• No results found

2.2. Fluctuation Strength

2.2.3. Related Studies

Although the work by Fastl and Zwicker is the most extensive reference for the fluctuation strength sensation, other studies have been carried out to further investigate the phenomenon.

Accolti and Miyara [1] conducted a study where they used stimuli composed of two mixed AM sources. They implemented a fluctuations strength model based on the extraction of temporal masking patterns within the stimuli. Afterwards, they compared the model outcome with perceived values of fluctuation strength using 5 participants. They used a modified magnitude estimation procedure, where 10 references with known and equidistant values of fluctuation strength were made available to participants for them to compare before giving an answer. The minimum and maximum of this set of references corresponded to stimuli with modulation indexes of 0.1 and 1, respectively. They found that their model could not properly characterize this type of stimulus. However, the most remarkable part of their study is the inclusion of a training phase before the actual experiment. They decided to include such a phase based on results from a preliminary test, which showed that results were strongly variable among subjects. One possible explanation given [1, pp. 17] is that that individuals are not familiar with the concept of fluctuation strength and that a confusion between roughness and fluctuation strength can often arise between the two sensations.

Building upon this last point, Wickelmaier and Ellermeier [19] carried out a three-part experiment that came out with similar results in that sense. First, a full-factorial design with 54 pairs of stimuli, with nine modulation frequencies and six modulation depths, and a magnitude estimation test was run. The results differ from those reported by Fastl and Zwicker, since

they do not show the characteristic band-pass response as a function of modulation rate. The second experiment tried to assess the contribution of the two factors used in the past experiment (modulation frequency and modulation depth) separately, by varying one while leaving the other constant. It was found that the variation of the modulation depth is similar to the data by Fastl and Zwicker, while the variation of the modulation frequency was not.

In the last experiment they tried to assess whether the perceived fluctuation can be represented by an additive combination of modulation frequency and modulation depth. To test this they used the Thomsen condition [6], which for their study was stated as follows:

Let a, b, c be three values of fm(∆f ) and x, y, z three values of ∆f (fm). The Thomsen condition holds, iff

ay ∼ bz, bx ∼ cy =⇒ ax ∼ c0z (2.9)

A adaptive forced-choice procedure (1-up/1-down) using 16 repetitions was used to calculate the matches (∼) stated in Equation (2.9). Their results show that only for one participant out of seven the Thomsen condition proved to be true, suggesting this that listeners do not integrate modulation frequency and modulation depth as an unidimensional percept when it comes to the sensation of fluctuation strength. Wickelmaier and Ellermeier’s conclusions are that the data by Fastl and Zwicker do not conform properly to their data, and that the status of fluctuation strength as a basic auditory perceptual attribute could be debated. The discrepancy between the two data sets could also be attributed to the lack of understanding of participants, as Accolti and Miyara had stated.

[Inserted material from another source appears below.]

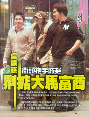 本月4日晚,吴佩慈在台北世贸为车展彩排后,先与弟弟及年约30岁的“翻版霍启刚”男友步行到“101”大楼里的餐厅用餐,直到晚上9时许才返回酒店停车场取车。在吴佩慈不熟练的驾驶技术下,原本只需十五分钟便到达西门町的车程,足足花了四十分钟。吴佩慈吩咐胞弟充当“泊车仔”后,便与男友十指紧扣到西门町内的“阿宗面线”吃饭。举动亲密的二人,边吃面边谈心,相当温馨。其后,吴佩慈又再与“翻版霍启刚”到中华路的钱柜卡拉OK,此时男方终于忍不住伸手搂住吴佩慈的小蛮腰,女方对男友突如其来的举动毫不抗拒,更报以甜笑回应。唱K至凌晨1时多,三人才离开,一脸依依不舍的吴佩慈,此时紧紧挽着“翻版霍启刚”的手臂,直至要开车送男友返回酒店,才肯放手。

Expanding upon possible applications of the sensation of fluctuation strength, Schlittmeier et al. [14] investigated fluctuation strength as a predictor for irrelevant sound effect (ISE). ISE refers to the phenomenon that occurs when background sounds with distinctive temporal-spectral variations significantly reduce short-term memory. This negatively affects individuals cognitive performance. The changing-state features required from sounds to cause this mental interference are the following:

1. Segmentability from a temporal-spectral perspective 2. Different successive auditory-perceptive tokens

The first feature resembles the phenomenon that occurs when the sensation of fluctuation strength arises, and as so Schlittmeier et al. devised an algorithm that predicts ISE using fluctuation strength values. Using the algorithm, they were able to predict accurately performance changes in individuals from 63 out of 70 types of sounds. Although the complete characterization of ISE cannot be achieved by the use of fluctuation strength alone, it paves the way for future works regarding the understanding of ISE.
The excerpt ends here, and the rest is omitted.